### [PROBLEM STATEMENT]
Take the entries below and print, exactly, the stretch from the line containing "- TOURING: 749" through the line containing "3dílný zahradní jídelní", both included.

### [EXTRACTED ENTRIES]

──────────────────────────────

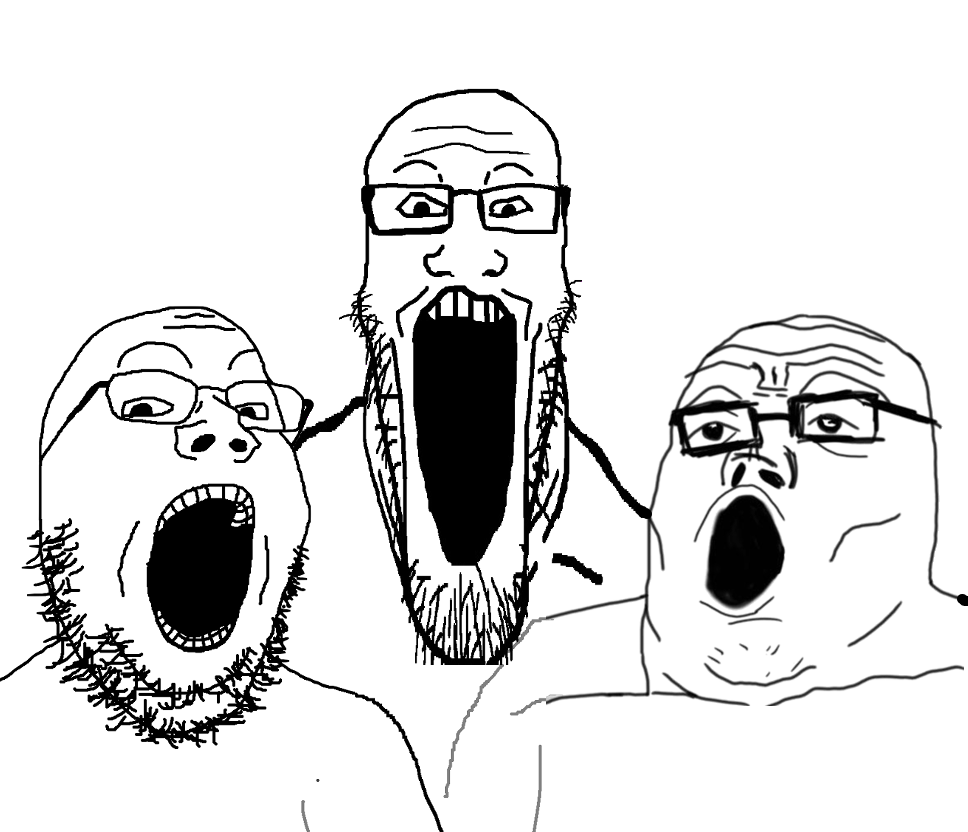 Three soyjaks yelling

──────────────────────────────

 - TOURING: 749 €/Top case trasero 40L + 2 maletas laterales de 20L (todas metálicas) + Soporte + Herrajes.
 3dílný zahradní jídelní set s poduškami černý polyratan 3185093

──────────────────────────────

### [RESPONSE TO THE TASK]
 - TOURING: 749 €/Top case trasero 40L + 2 maletas laterales de 20L (todas metálicas) + Soporte + Herrajes.
 3dílný zahradní jídelní set s poduškami černý polyratan 3185093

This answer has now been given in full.